- YOUR OBJECTIVE -
What is needed is an exact repeat of the lines from the one holding "Inside Text: God" through the final line of the data, with no pictures.

- INFORMATION SUPPLIED -
────────────────────
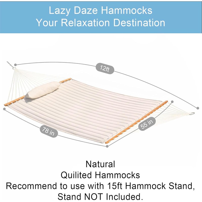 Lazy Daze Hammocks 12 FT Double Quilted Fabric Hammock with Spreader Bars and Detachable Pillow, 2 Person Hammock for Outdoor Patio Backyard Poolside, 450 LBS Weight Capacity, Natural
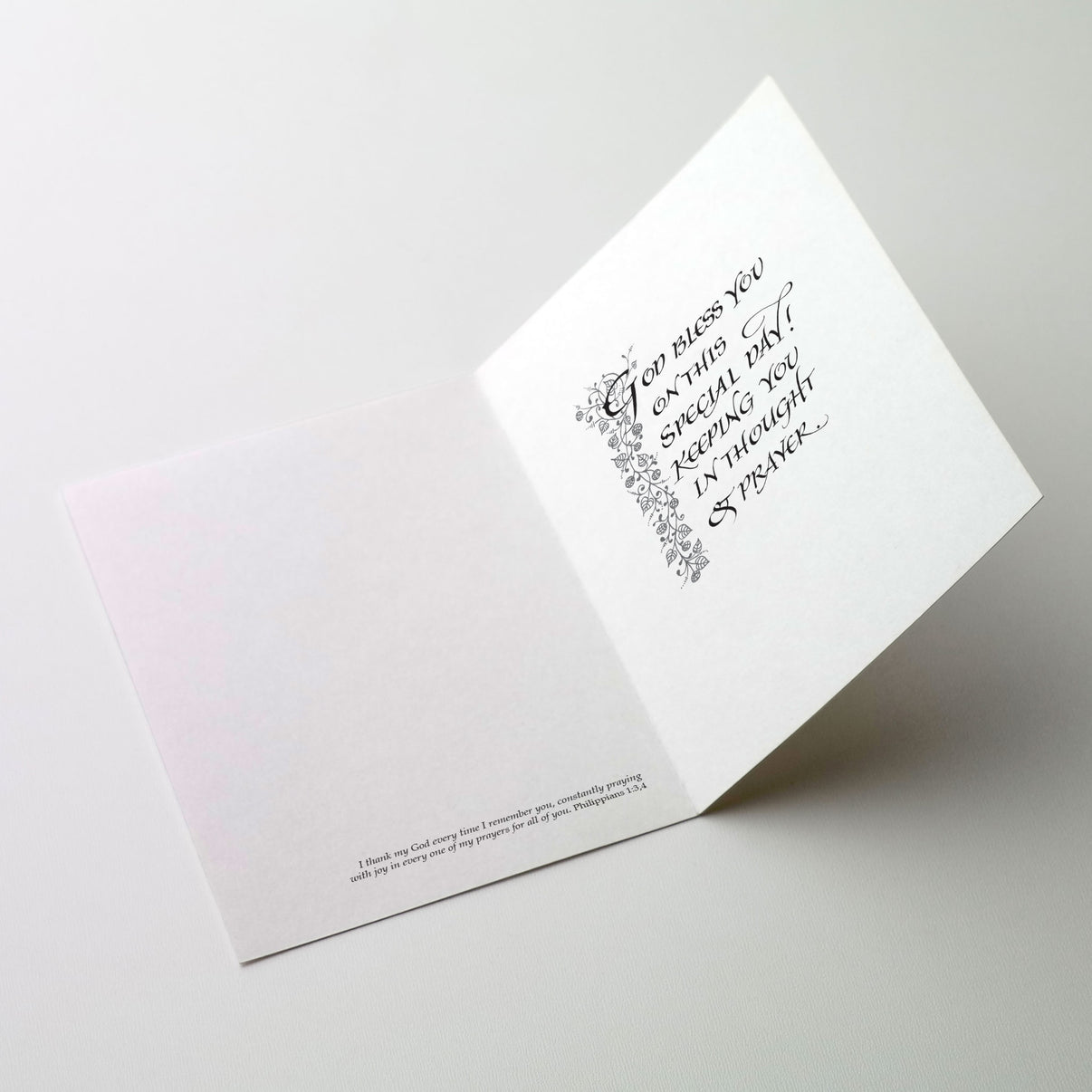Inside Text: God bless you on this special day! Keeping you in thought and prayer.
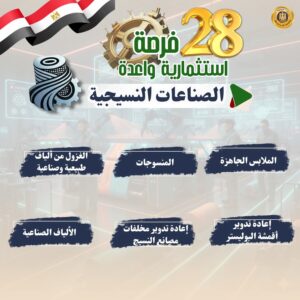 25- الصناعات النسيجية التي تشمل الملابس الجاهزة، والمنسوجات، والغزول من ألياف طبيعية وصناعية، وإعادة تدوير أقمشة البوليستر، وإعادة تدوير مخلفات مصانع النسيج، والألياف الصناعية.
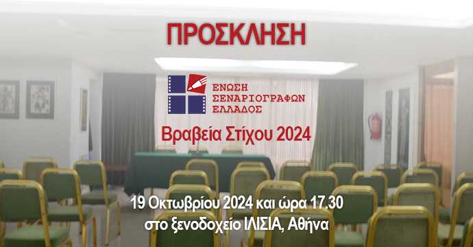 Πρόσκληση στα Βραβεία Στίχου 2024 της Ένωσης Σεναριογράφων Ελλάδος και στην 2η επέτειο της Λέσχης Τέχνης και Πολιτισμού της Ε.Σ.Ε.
────────────────────
- TASK RESPONSE -
Inside Text: God bless you on this special day! Keeping you in thought and prayer.
 25- الصناعات النسيجية التي تشمل الملابس الجاهزة، والمنسوجات، والغزول من ألياف طبيعية وصناعية، وإعادة تدوير أقمشة البوليستر، وإعادة تدوير مخلفات مصانع النسيج، والألياف الصناعية.
 Πρόσκληση στα Βραβεία Στίχου 2024 της Ένωσης Σεναριογράφων Ελλάδος και στην 2η επέτειο της Λέσχης Τέχνης και Πολιτισμού της Ε.Σ.Ε.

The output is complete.